Thanks for pointing out about the gluten. The reason I asked about the Grandma Maes is that I am searching for a new dog food. For many years I used Nutro until in my opinion it turned into garbage. I have a three year old GSD and a ten year old shep/lab mix and about a year ago started feeding them Canidae ALS with good results until one of them started having loose yellow stools,started foot biting and both dogs had increased shedding and low energy level.

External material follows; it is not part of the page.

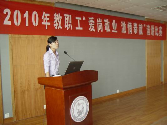 校工会2010年教职工“爱岗敬业,激情奉献”演讲比赛于2010年9月20日在工科楼B座学校会议室举行。本次比赛,青岛校区共有八个单位参赛。参赛者结合自身工作实际,以深沉炽热的情感,用真实、生动感人的事例,反映了在和谐校园建设中广大教职工爱岗敬业,默默奉献的职业道德和奋发向上建功立业的崭新风貌。

After reading all of the horror stories about Canidae and also seeing the color of it change I wanted to switch again.
Choosing a dog food has turned into rocket science it seems for many of us that just want to do the right thing for our animals.


----------



## BoxerMommie (Jun 26, 2008)

If your dogs don't have allergies, and that food is local for you and in your budget then I don't see any huge red flags on feeding it and it'd be worth a try. However depending on the price or how much effort you have to put into getting it there are better foods like Wellness, Innova, California Natural, Solid Gold as well so it just depends on your circumstances, it's price, and ease of getting for you.

Good luck!


----------



## Pet Geek (Jul 9, 2010)

Just an FYI- research has found that oats really do not contain gluten as we once thought, Barley on the other hand does have low levels of gluten. Also, it is a higher quality food than Solid Gold, and Innova and California Naturals are owned by P&G so i would expect them to go down hill quickly.


----------